[Exercise objective]
Find the line containing "U prizemlju se nalazi prostrana", then return it and every line after it through the end of the records, exactly. Leave out pictures.

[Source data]
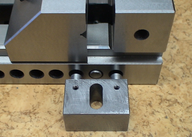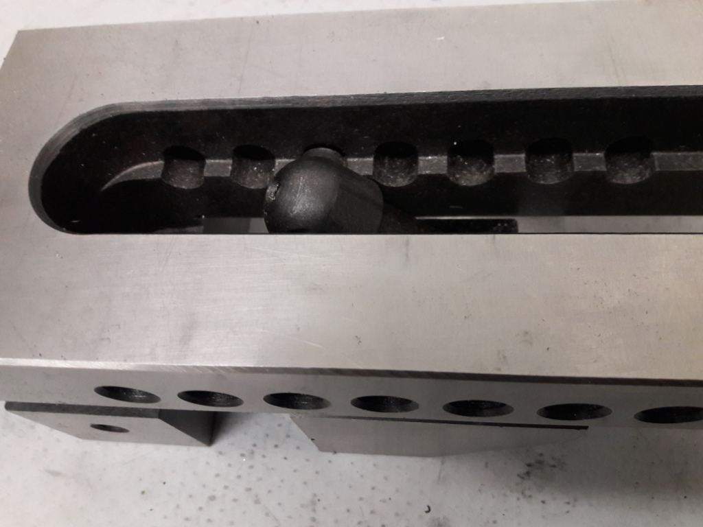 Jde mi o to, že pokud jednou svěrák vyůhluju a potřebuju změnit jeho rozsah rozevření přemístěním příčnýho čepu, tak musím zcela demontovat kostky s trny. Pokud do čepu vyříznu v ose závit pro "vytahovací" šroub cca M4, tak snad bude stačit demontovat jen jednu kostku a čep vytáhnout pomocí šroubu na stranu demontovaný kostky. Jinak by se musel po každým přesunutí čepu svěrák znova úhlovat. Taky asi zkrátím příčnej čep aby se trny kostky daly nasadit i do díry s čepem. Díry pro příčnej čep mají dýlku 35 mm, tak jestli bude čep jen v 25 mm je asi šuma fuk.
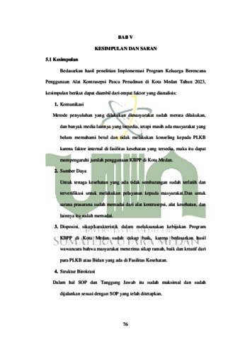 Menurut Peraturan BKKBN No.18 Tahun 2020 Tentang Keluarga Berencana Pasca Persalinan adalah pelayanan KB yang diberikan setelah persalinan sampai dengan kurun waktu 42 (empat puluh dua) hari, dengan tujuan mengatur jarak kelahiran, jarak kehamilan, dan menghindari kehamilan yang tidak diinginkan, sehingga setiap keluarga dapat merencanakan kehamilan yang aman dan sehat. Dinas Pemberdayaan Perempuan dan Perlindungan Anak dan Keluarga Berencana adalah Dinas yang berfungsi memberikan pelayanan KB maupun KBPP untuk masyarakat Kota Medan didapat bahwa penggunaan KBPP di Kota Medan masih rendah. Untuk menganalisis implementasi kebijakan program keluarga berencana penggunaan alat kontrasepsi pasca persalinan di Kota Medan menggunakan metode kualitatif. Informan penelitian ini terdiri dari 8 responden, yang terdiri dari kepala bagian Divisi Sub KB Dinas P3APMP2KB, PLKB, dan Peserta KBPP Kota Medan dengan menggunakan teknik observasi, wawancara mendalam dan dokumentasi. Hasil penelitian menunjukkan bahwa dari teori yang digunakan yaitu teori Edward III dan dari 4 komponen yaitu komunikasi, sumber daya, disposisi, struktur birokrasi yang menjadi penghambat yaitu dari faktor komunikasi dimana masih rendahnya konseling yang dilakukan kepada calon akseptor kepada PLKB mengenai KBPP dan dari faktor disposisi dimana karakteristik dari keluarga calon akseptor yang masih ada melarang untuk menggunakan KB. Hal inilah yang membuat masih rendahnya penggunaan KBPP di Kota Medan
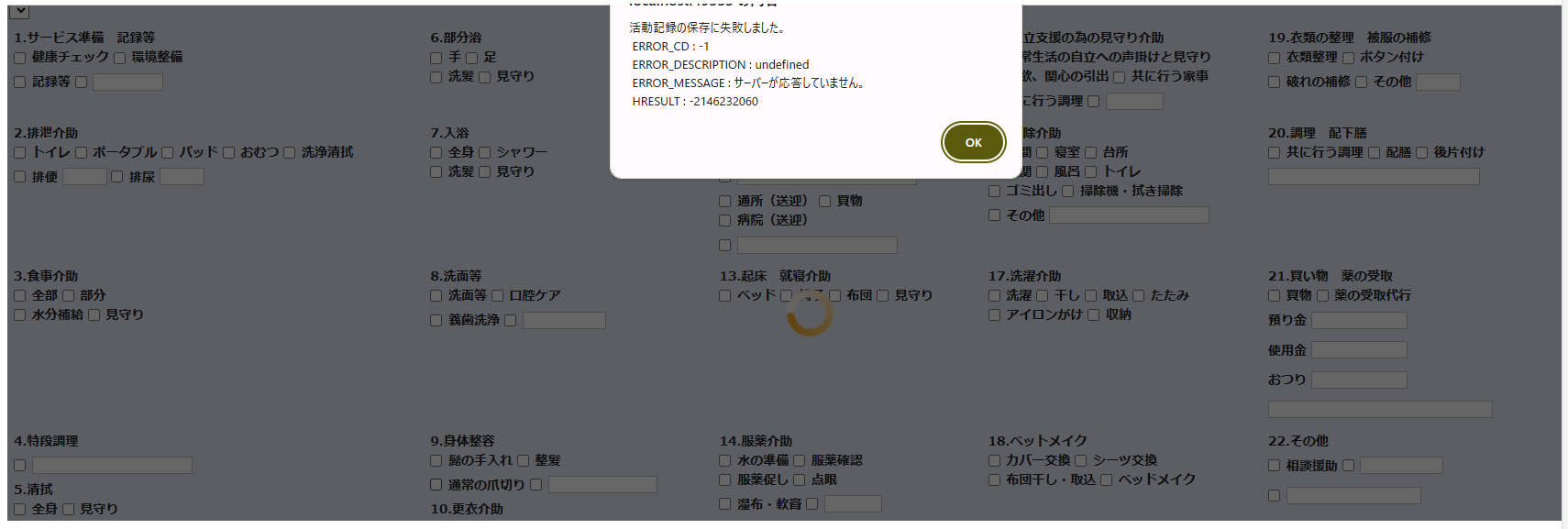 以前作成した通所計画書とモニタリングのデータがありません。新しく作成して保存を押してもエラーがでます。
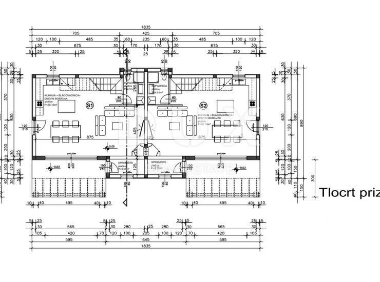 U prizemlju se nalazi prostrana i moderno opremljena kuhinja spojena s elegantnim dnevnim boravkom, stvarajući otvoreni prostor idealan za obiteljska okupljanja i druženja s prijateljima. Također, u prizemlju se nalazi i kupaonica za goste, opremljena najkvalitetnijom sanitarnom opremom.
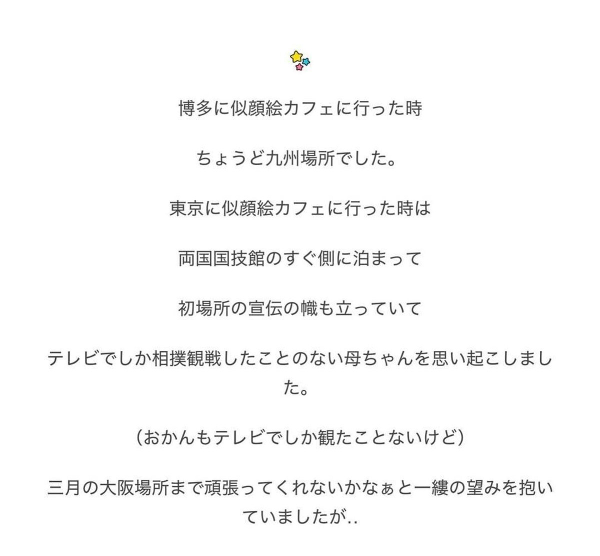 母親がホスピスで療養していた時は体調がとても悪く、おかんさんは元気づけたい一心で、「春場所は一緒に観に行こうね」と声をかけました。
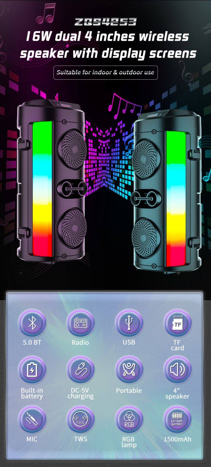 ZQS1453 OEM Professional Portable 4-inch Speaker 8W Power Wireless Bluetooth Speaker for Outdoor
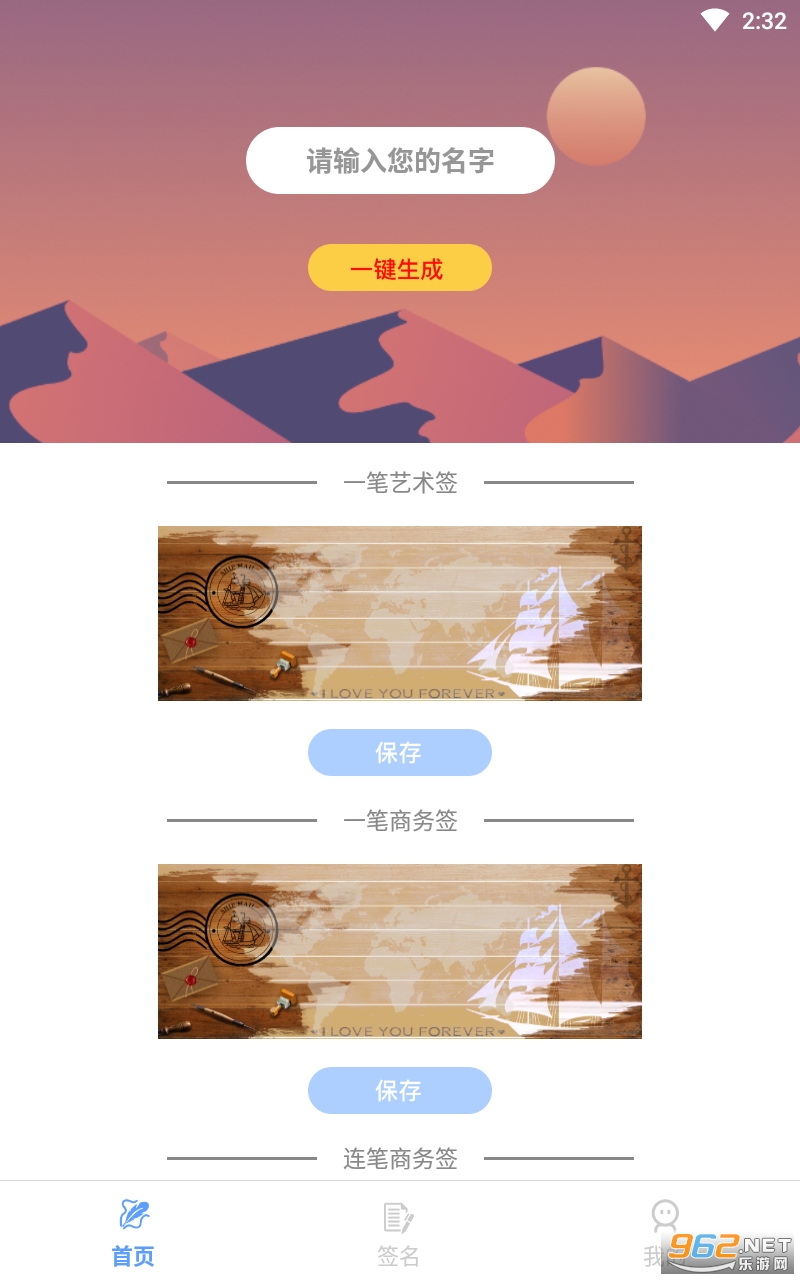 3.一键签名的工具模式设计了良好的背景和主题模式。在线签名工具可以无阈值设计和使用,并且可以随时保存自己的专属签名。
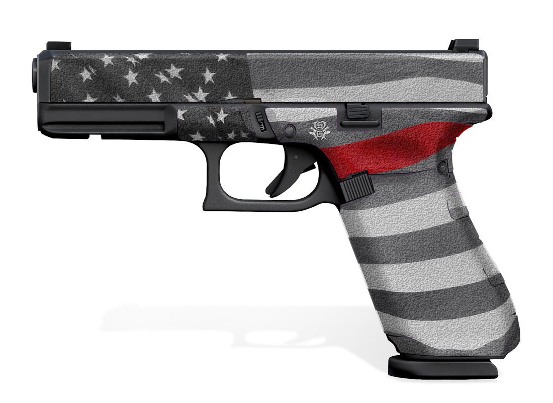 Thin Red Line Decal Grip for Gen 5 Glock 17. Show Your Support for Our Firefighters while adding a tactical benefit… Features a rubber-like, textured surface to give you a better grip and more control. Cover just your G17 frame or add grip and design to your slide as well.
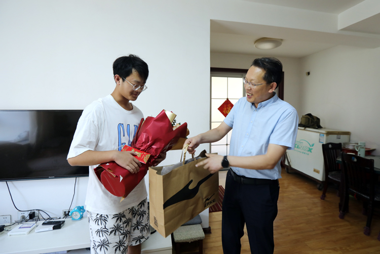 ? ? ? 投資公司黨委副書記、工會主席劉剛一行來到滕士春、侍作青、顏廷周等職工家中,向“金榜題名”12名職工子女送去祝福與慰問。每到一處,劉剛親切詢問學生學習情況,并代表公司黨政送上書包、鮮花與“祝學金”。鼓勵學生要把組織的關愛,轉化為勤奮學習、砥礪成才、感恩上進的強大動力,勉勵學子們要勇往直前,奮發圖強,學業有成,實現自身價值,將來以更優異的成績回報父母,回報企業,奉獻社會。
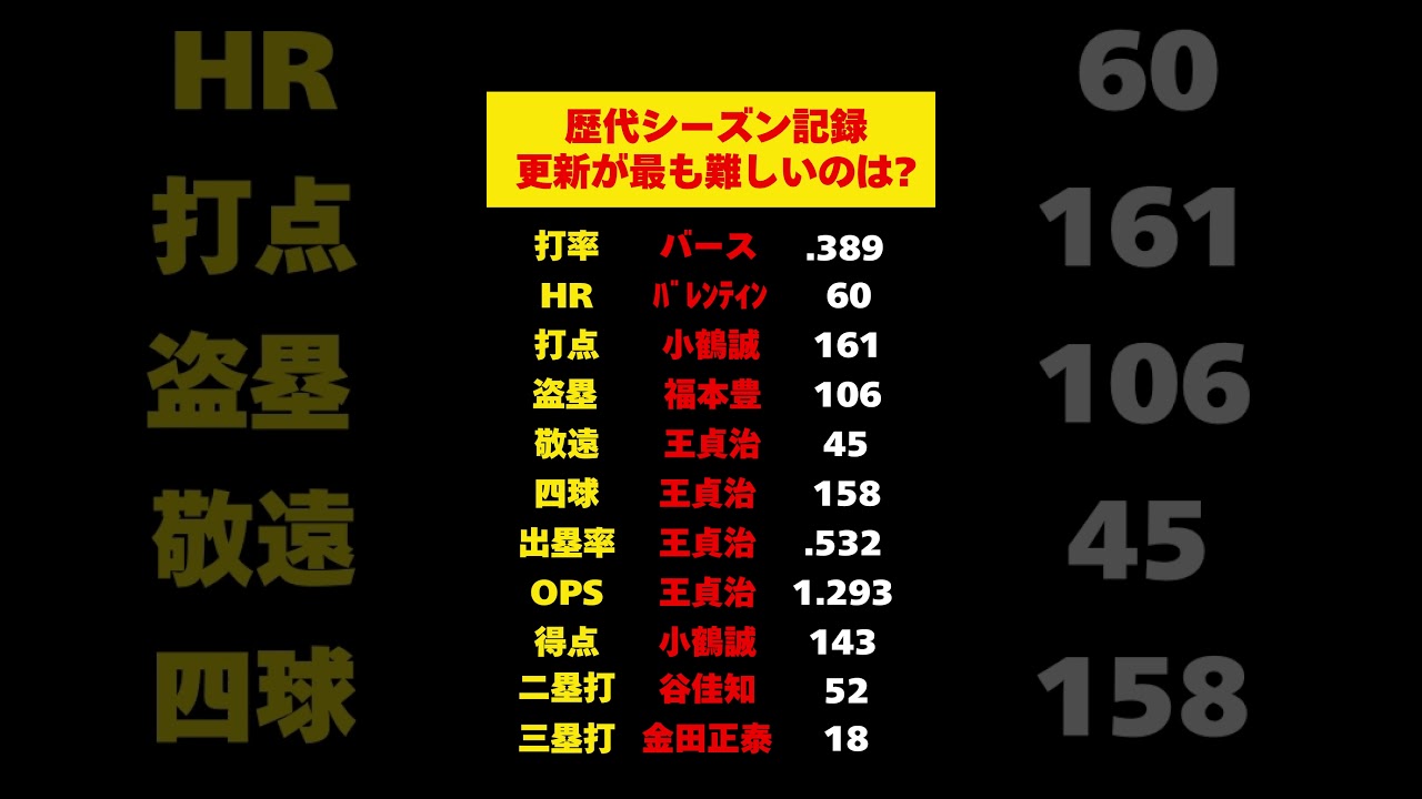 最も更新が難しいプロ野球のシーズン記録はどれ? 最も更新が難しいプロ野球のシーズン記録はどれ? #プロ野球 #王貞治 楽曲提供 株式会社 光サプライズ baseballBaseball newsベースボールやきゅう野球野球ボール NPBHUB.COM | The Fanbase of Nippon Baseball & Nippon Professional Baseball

[Expected output]
 U prizemlju se nalazi prostrana i moderno opremljena kuhinja spojena s elegantnim dnevnim boravkom, stvarajući otvoreni prostor idealan za obiteljska okupljanja i druženja s prijateljima. Također, u prizemlju se nalazi i kupaonica za goste, opremljena najkvalitetnijom sanitarnom opremom.
 母親がホスピスで療養していた時は体調がとても悪く、おかんさんは元気づけたい一心で、「春場所は一緒に観に行こうね」と声をかけました。
 ZQS1453 OEM Professional Portable 4-inch Speaker 8W Power Wireless Bluetooth Speaker for Outdoor
 3.一键签名的工具模式设计了良好的背景和主题模式。在线签名工具可以无阈值设计和使用,并且可以随时保存自己的专属签名。
 Thin Red Line Decal Grip for Gen 5 Glock 17. Show Your Support for Our Firefighters while adding a tactical benefit… Features a rubber-like, textured surface to give you a better grip and more control. Cover just your G17 frame or add grip and design to your slide as well.
 ? ? ? 投資公司黨委副書記、工會主席劉剛一行來到滕士春、侍作青、顏廷周等職工家中,向“金榜題名”12名職工子女送去祝福與慰問。每到一處,劉剛親切詢問學生學習情況,并代表公司黨政送上書包、鮮花與“祝學金”。鼓勵學生要把組織的關愛,轉化為勤奮學習、砥礪成才、感恩上進的強大動力,勉勵學子們要勇往直前,奮發圖強,學業有成,實現自身價值,將來以更優異的成績回報父母,回報企業,奉獻社會。
 最も更新が難しいプロ野球のシーズン記録はどれ? 最も更新が難しいプロ野球のシーズン記録はどれ? #プロ野球 #王貞治 楽曲提供 株式会社 光サプライズ baseballBaseball newsベースボールやきゅう野球野球ボール NPBHUB.COM | The Fanbase of Nippon Baseball & Nippon Professional Baseball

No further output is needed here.